---------- Material for the task ----------
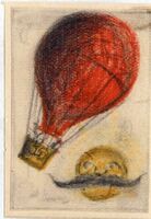 TON SAWYER A TRAVES DEL MUNDO Representado en el cielo un globo, ligeramente inclinado y de color rojo realiza su vuelo mientras lo observa un sol de grandes ojos y bigote espeso y oscuro, quizá como representando algún cuento de viajes.Boceto realizado para la ilustración de la revista semanal Novelas y Cuentos. Titulo: Ton Sawyer a través del Mundo. Autor: Mark Twain. Nºpublic.: 1073. Fecha: 02-12-1951. Tomo NC.: 47. PI/. 149.
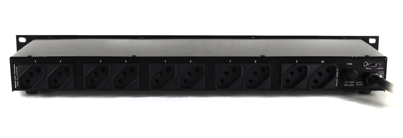 Extensor de tomada com 10 tomadas traseiras e 1 frontal, ideal para automação e integração de equipamentos em rack 19”. Entrada Trigger-In de 12V.
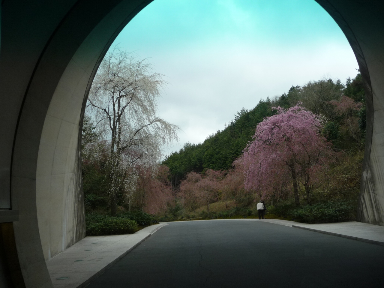 石山寺の駅からバスで40分ほどかかる山の中にある美術館、建物が海外で有名なのか日本人より外国人の訪問客の方が多い。休館日が多いので注意。入り口のところにある建物でチケットを買って歩いていくか、シャトルバスで美術館に行きます。トンネルをくぐっていくアプローチも素敵で春はしだれ桜が綺麗です。展示内容のクオリティも高いので行く価値があると思います。
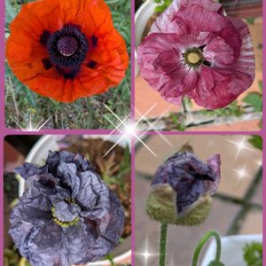 おはよーございます🌤️.° 白雪姫の森~ 今日は『ポピー』🤭︎💕︎︎ ↖️このオニゲシは大福とお散歩中に歩く遊歩道の木陰に咲いていて、鮮やかなオレンジ色とお花も大きくて1株で10輪位咲いて風に揺れてる姿が優雅でした🧡🖤✨ ↗️昨日のお散歩で寄った近くのHCで、花友TENTENNさんのpicで一目惚れしたパンドラサンに出会った😍💘 全部咲いてたので綺麗な子を(σ´∀`)σゲッツ!! ↘️同じく前から探してたアメージンググレイサンとも出会った٩(๑>ᴗ<๑)۶ワーイ 全部ツボミやったんで1番膨らんでる子を(σ´∀`)σゲッツ!! ↙️で、今朝アメージンググレイサンが咲きました💜🩶✨ 実際に見る事が出来て嬉しい⤴⤴⤴ *.(๓´͈ ˘ `͈๓).* さぁ、種を採るぞー( *˙0˙*)۶オー❣️
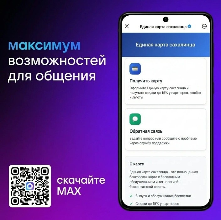 » Главное преимущество приложения – глубокая интеграция с государственными сервисами региона. В «Мах» уже работают чат-боты, которые экономят время, избавляя от личных походов в ведомства. Один из таких ботов – «Единая карта сахалинца». Он предоставляет всю ключевую информацию: • о возможностях карты • порядке оформления • актуальном списке партнёров Ссылка на бот: https://clck.ru/3Szdn2 Проект реализуется в рамках нацпроекта «Экономика данных», инициированного Президентом России Владимиром Путиным.
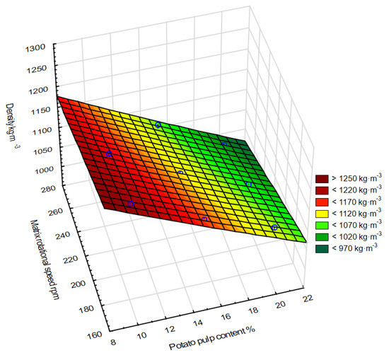 The influence of process and materials factors (rotational speed of the matrix and potato pulp content) on the density of obtained granules is shown in Figure 7.
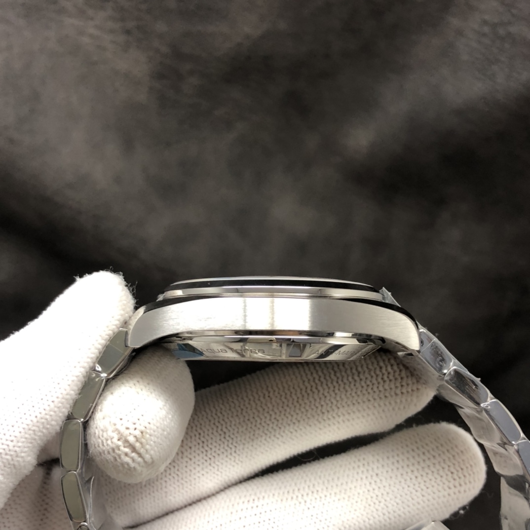 印象的なブルースチールのハードウェア: この特定のリファレンスの決定的な特徴は、壮観な文字盤のハードウェアです。VSFは、ファセットカットされたスケルトン化されたブロードアロー針と、くさび形のアワーマーカーの深くメタリックなブルーの仕上げを完璧に複製しました。照明に応じて、これらの要素は明るく鮮やかな青からほとんどステルスなダークネイビーへと変化し、明るいグレーの文字盤に対して信じられないほどのコントラストを提供します。
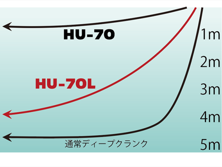 The small HU-70 has excellent casting distance, but the L size has a different dimension of casting distance! The lip, which is a feature of the HU-70, has been transplanted to reduce the heavy pull that was a drawback of big cranks. It can be used normally with MACCA HUMC-71M+, HUMRC-611MG, which are normally used cranking rods. The high-speed retrieval that was a feature of the HU-70 is also possible despite the volume of the body size.
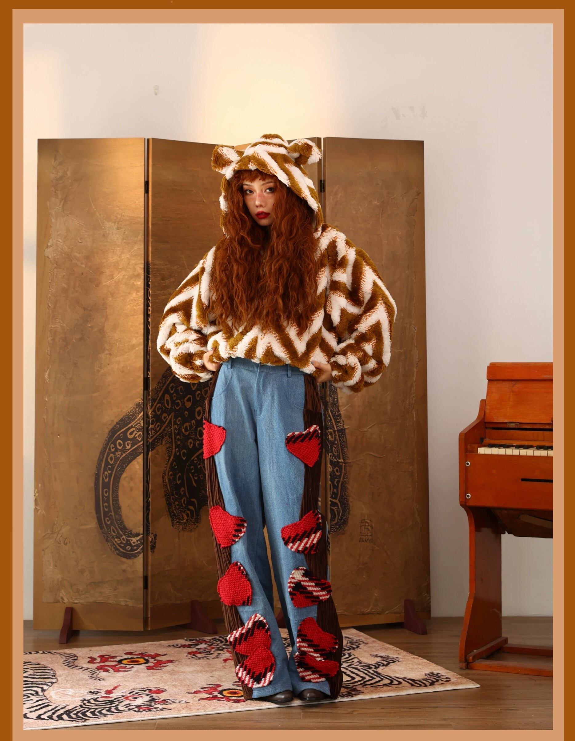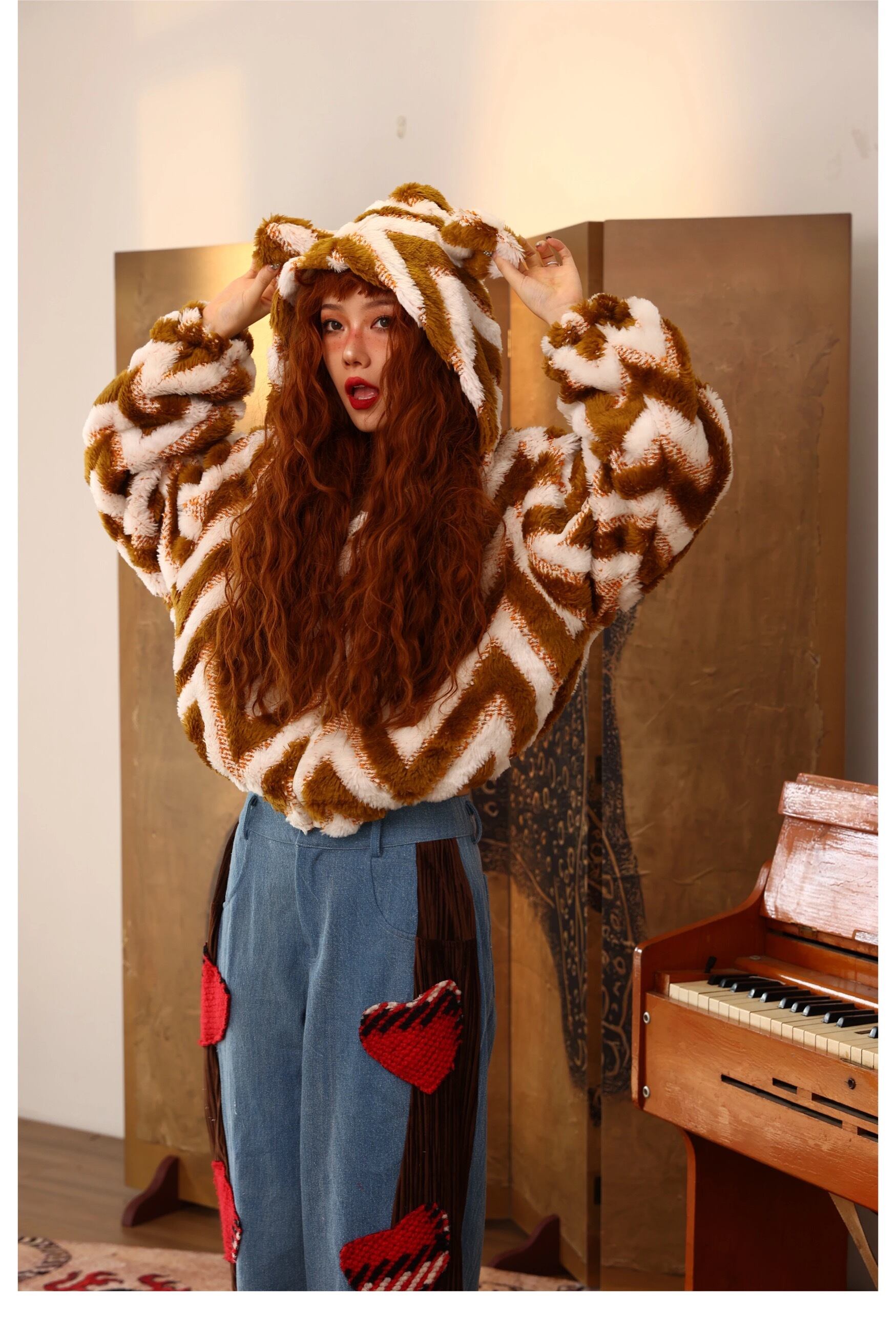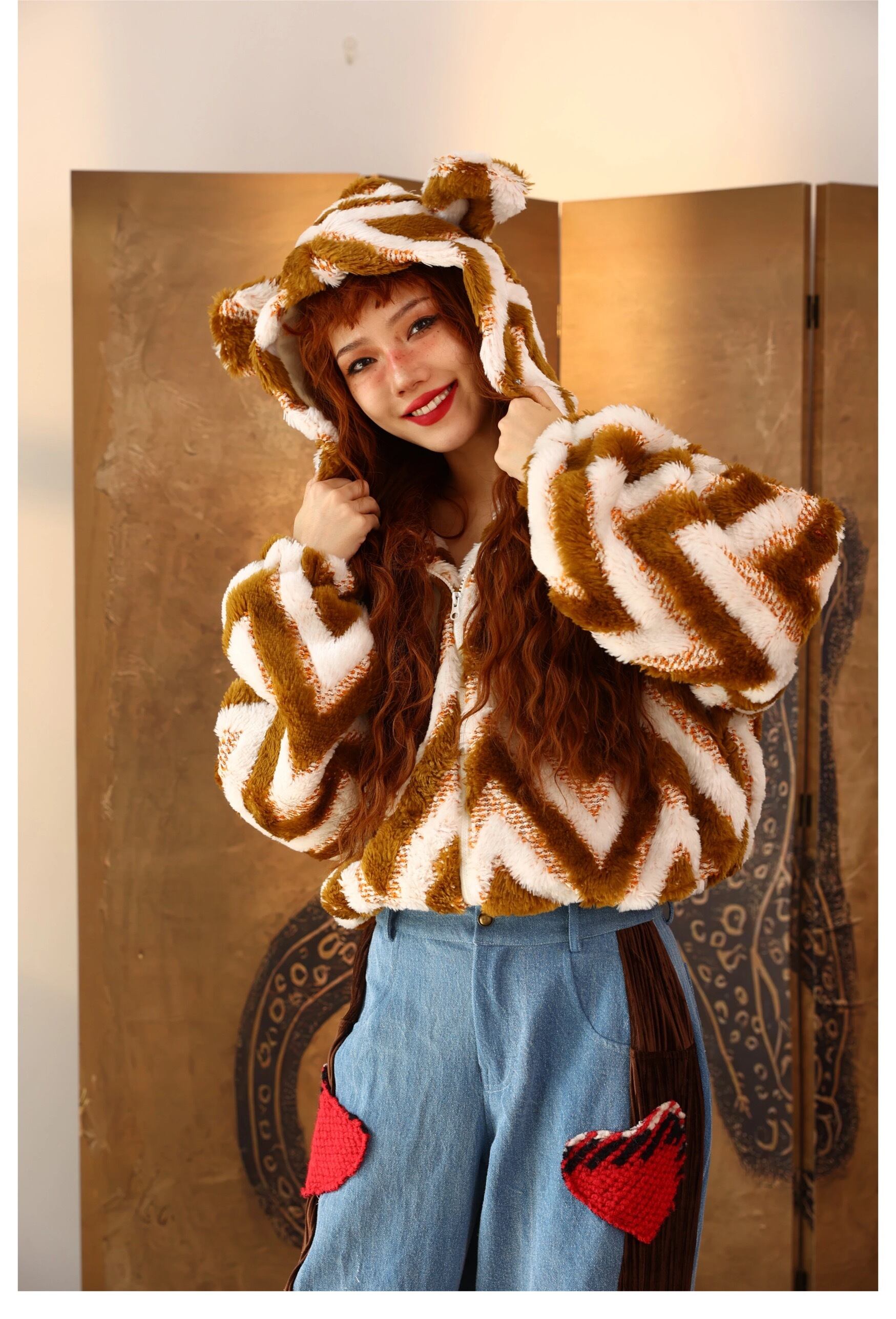 アウター パーカー くま フード ジャケット コート ボーダー
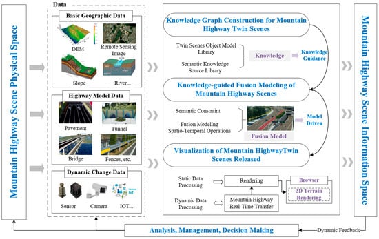 A general framework of the knowledge-guided digital twin scene fusion representation method for mountain highways.
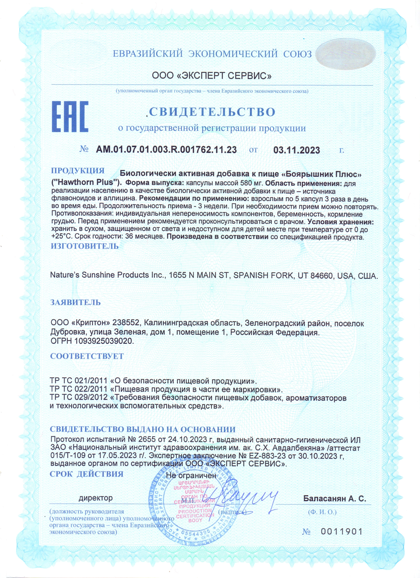 БАД к пище Боярышник Плюс является источником флавоноидов и аллицина.
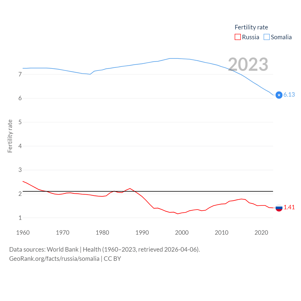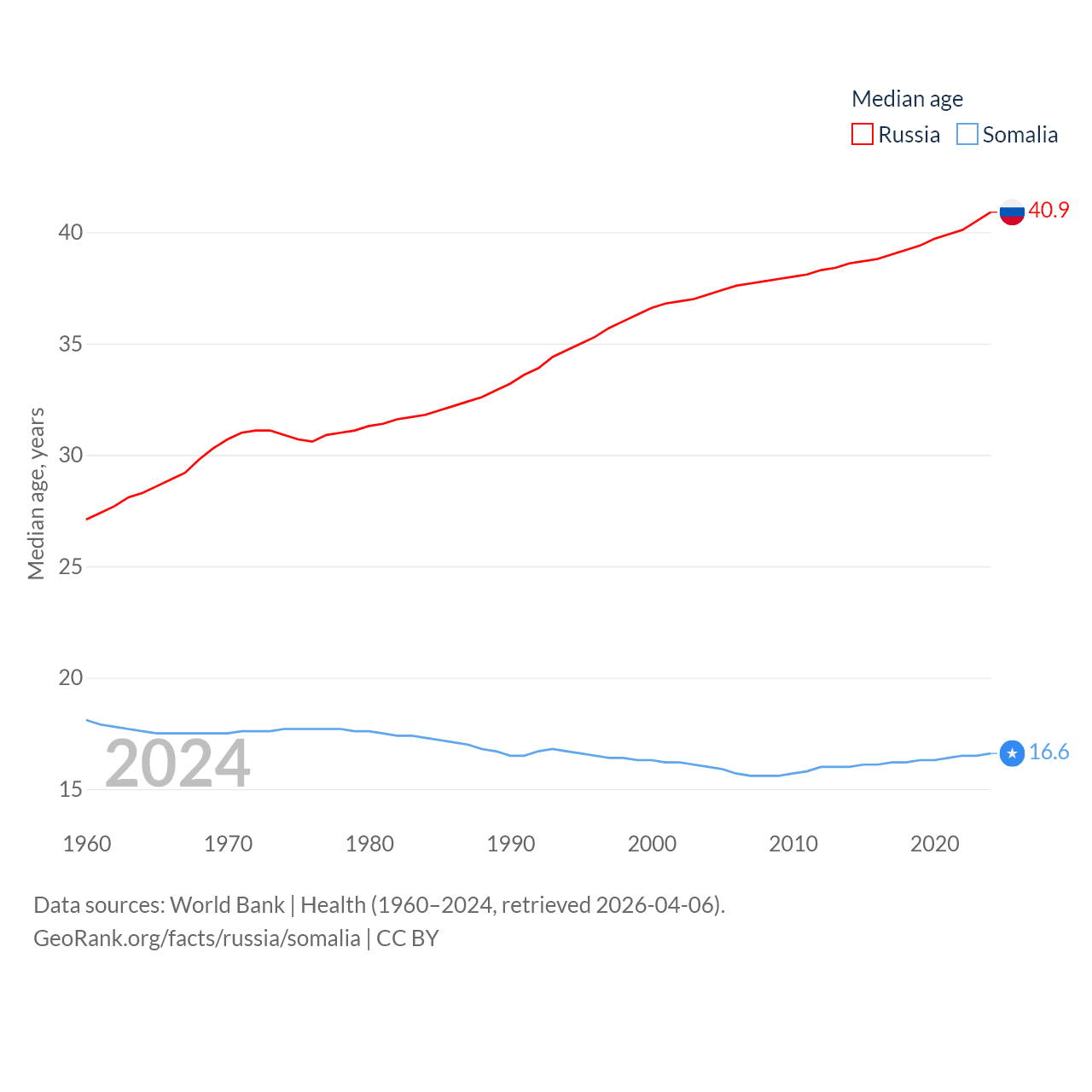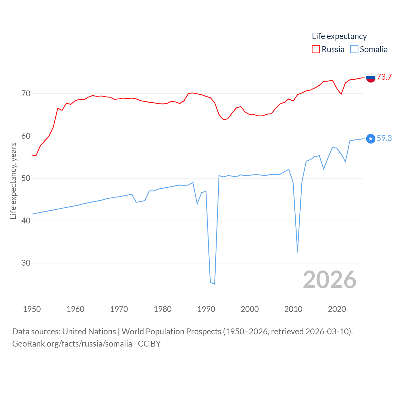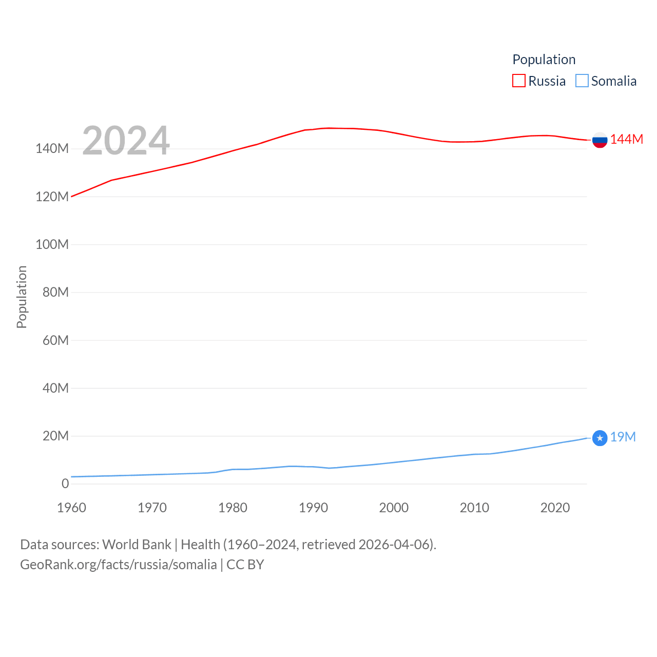 Russia has a population of 144M (ranked 9/197), compared with 19M in Somalia (ranked 68/197). Russia's land area is 6,323,145 sq mi versus 242,217 sq mi for Somalia (ranked 1st vs. 42nd).
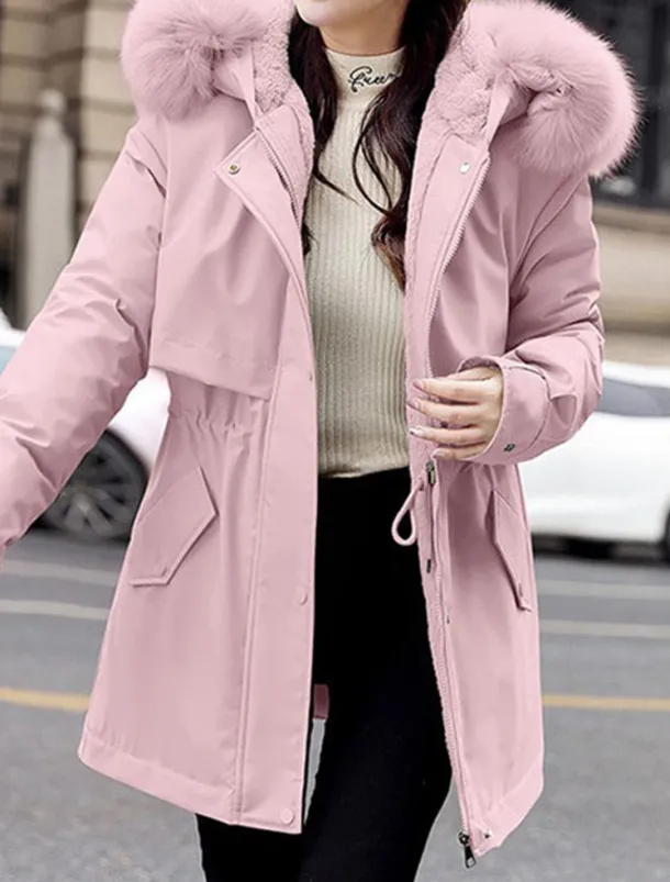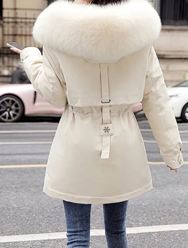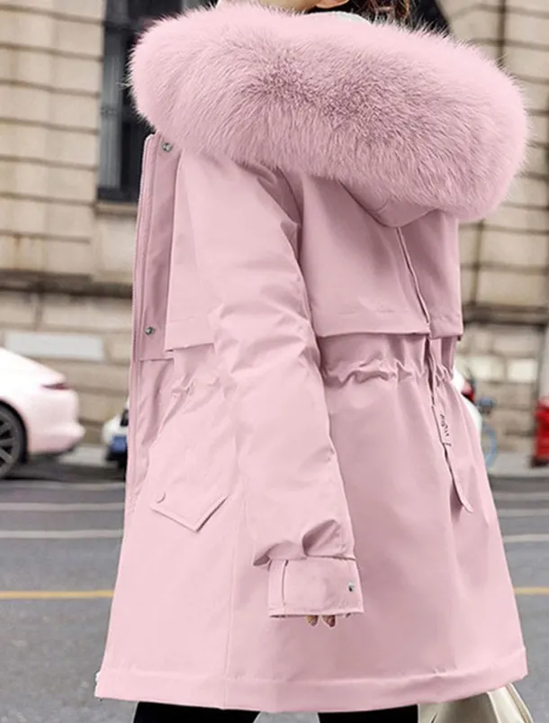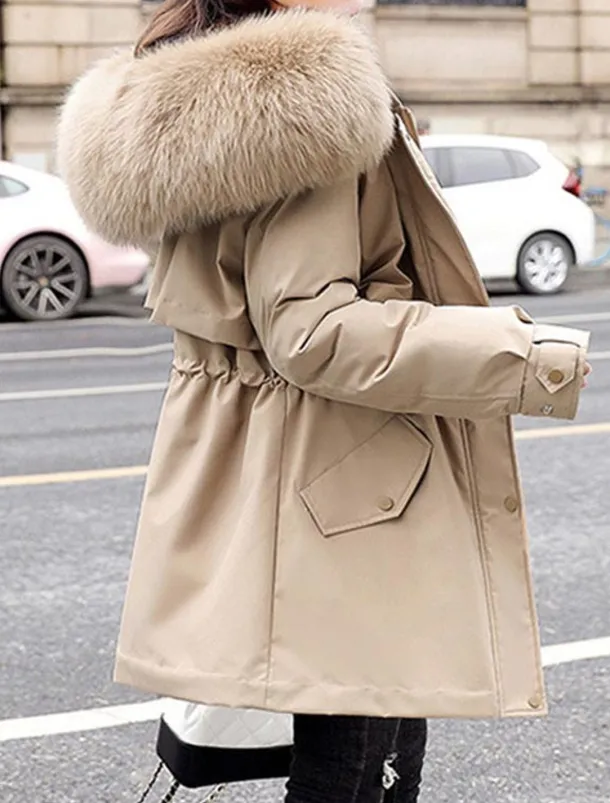 2. Removable Fur: Thicken cotton Coat featuring detachable zip-off faux fur trim for easy customization.
----------
Given the listing above, repeat exactly the lines starting at the one with "おはよーございます🌤️.° 白雪姫の森~ 今日は『ポピー』🤭︎💕︎︎" and ending at the one with "The influence of", inclusive, excluding pictures.

▶ Solution for this problem:
 おはよーございます🌤️.° 白雪姫の森~ 今日は『ポピー』🤭︎💕︎︎ ↖️このオニゲシは大福とお散歩中に歩く遊歩道の木陰に咲いていて、鮮やかなオレンジ色とお花も大きくて1株で10輪位咲いて風に揺れてる姿が優雅でした🧡🖤✨ ↗️昨日のお散歩で寄った近くのHCで、花友TENTENNさんのpicで一目惚れしたパンドラサンに出会った😍💘 全部咲いてたので綺麗な子を(σ´∀`)σゲッツ!! ↘️同じく前から探してたアメージンググレイサンとも出会った٩(๑>ᴗ<๑)۶ワーイ 全部ツボミやったんで1番膨らんでる子を(σ´∀`)σゲッツ!! ↙️で、今朝アメージンググレイサンが咲きました💜🩶✨ 実際に見る事が出来て嬉しい⤴⤴⤴ *.(๓´͈ ˘ `͈๓).* さぁ、種を採るぞー( *˙0˙*)۶オー❣️
 » Главное преимущество приложения – глубокая интеграция с государственными сервисами региона. В «Мах» уже работают чат-боты, которые экономят время, избавляя от личных походов в ведомства. Один из таких ботов – «Единая карта сахалинца». Он предоставляет всю ключевую информацию: • о возможностях карты • порядке оформления • актуальном списке партнёров Ссылка на бот: https://clck.ru/3Szdn2 Проект реализуется в рамках нацпроекта «Экономика данных», инициированного Президентом России Владимиром Путиным.
 The influence of process and materials factors (rotational speed of the matrix and potato pulp content) on the density of obtained granules is shown in Figure 7.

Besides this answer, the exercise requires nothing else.